The parameter b describes the item’s difficulty. Specifically, it is the point on the x-axis where the examinee has probability 0.5 to answer the item correctly (Fig. 1a). The parameter a is the discrimination parameter, which represents the slope of the ICC at b. It describes how well the item ascertains the examinee’s ability above or below the difficulty of the item (Fig. 1b).

Fig. 1
figure 1

(a) Item characteristic curve (ICC) with difficulty b = 0; (b) Same ICC showing that the discrimination for the item is a = 1

There are other forms of the IRT model for items. Among these are the one-parameter Rasch model, which retains the difficulty parameter but sets a = 1. Another version is the three-parameter logistic (known as 3PL) model, which is often used for multiple-choice items, because it includes a guessing parameter. In this chapter, we illustrate our methods with the 2PL IRT model as defined in (1).

2 Estimation

The IRT model can be used to provide an estimate of the examinee’s ability from their responses, when the item parameters are known. If the item parameters are unknown, they can be estimated simultaneously with the ability measures from a sample of examinee responses. For simplicity we assume that the item parameters are known and focus on estimation of ability only.

Maximum likelihood estimation of ability is illustrated with the data from the 2005 National Assessment of Educational Progress (NAEP) Math Assessment. Table 1 displays the slope (a) and location (b) parameters for six actual sample items from the NAEP test (Beaton et al., 2011).

Table 1 Item parameters for the six items referred to in Table 2

Table 2 shows responses to these items from four fictitious examinees (Beaton et al., 2011). Let z i denote the indicator of a correct response, i.e.,

$$\displaystyle \begin{aligned}z_{i} = \begin{cases} 0, & {\mbox{incorrect response to item }} i, \\ 1, & {\mbox{correct response to item }} i. \end{cases} \end{aligned}$$

As an example, Student C answered the first three questions incorrectly and the last three correctly. If the six item responses are independent, the likelihood of Student C’s ability given their observed pattern of responses is seen from (1) to be

$$\displaystyle \begin{aligned} \begin{array}{rcl} L(\theta| Z) = \prod_{i=1}^{6} \left( \frac{1}{1 + e^{-1.702 a_{i} (\theta - b_{i})}} \right)^{z_{i}} \left(1 - \frac{1}{1 + e^{-1.702 a_{i} (\theta - b_{i})}} \right)^{1 - z_{i}}. \end{array} \end{aligned} $$
Table 2 Four different students’ responses to six different math questions. A correct response is indicated by a “1” and an incorrect response by a “0”

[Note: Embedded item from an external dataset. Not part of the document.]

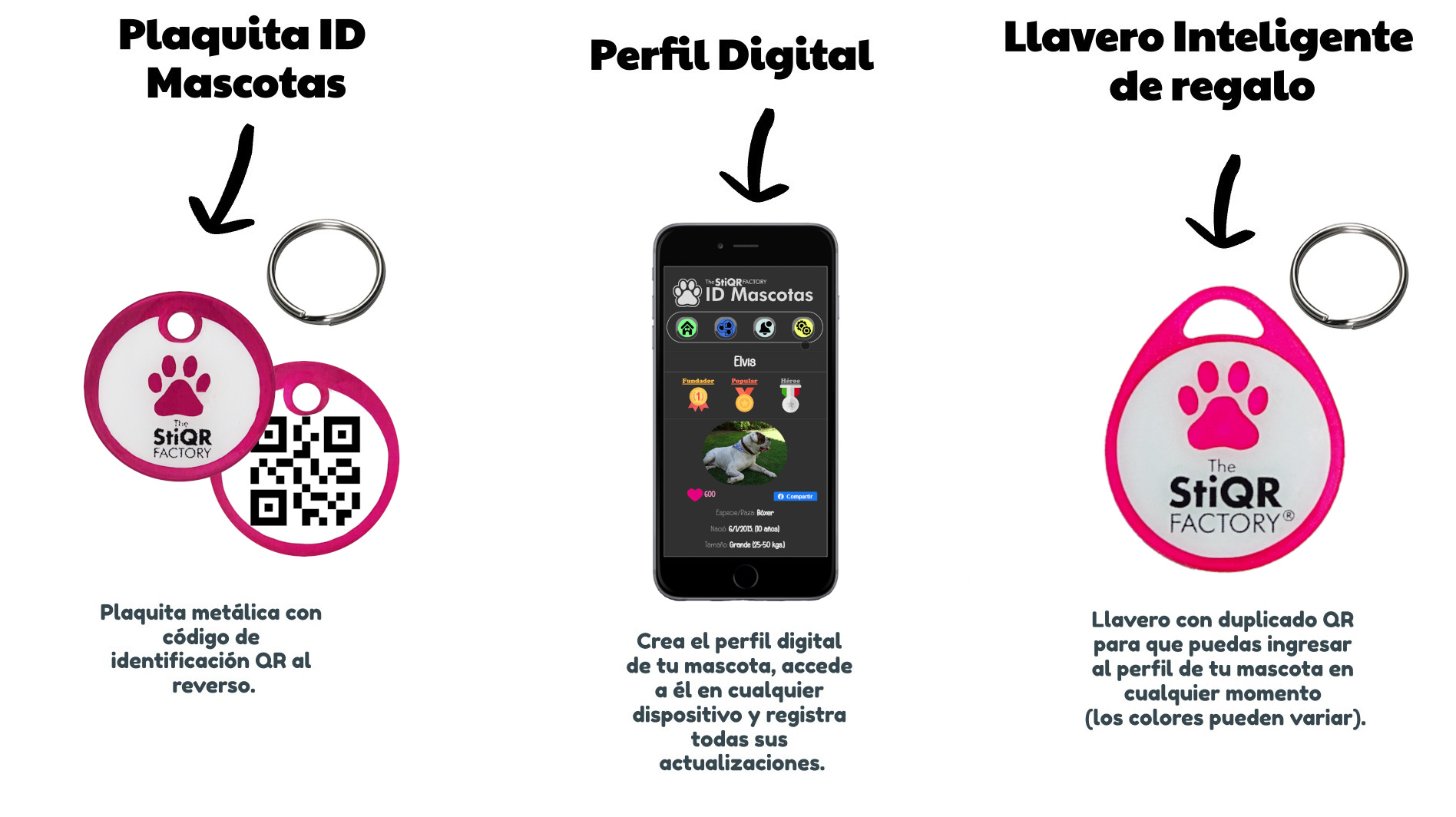 El precio que pagas incluye tu plaquita de identificación personalizada, con un código QR al reverso, un juego de argollas y la suscripción permanente al servicio digital.

Student C’s likelihood L(θ|Z) is shown as the bold curve in Fig. 2. The thinner curves show the item characteristic curves of the six items composing the test. Ability is measured on the same scale as the location parameter. On this NAEP test, the range of ability is − 3 to 3, with a mean of 0. An iterative Newton-Raphson-type procedure is usually used to maximize this likelihood function to determine the maximum likelihood estimate (MLE) of Student C’s ability. Visual inspection shows that Student C’s ability would be estimated by maximum likelihood to be about − 0.5.

Fig. 2
figure 2

ICCs and the likelihood (bold) for Student C. The likelihood is calculated by multiplying the student’s individual ICCs (Beaton et al., 2011)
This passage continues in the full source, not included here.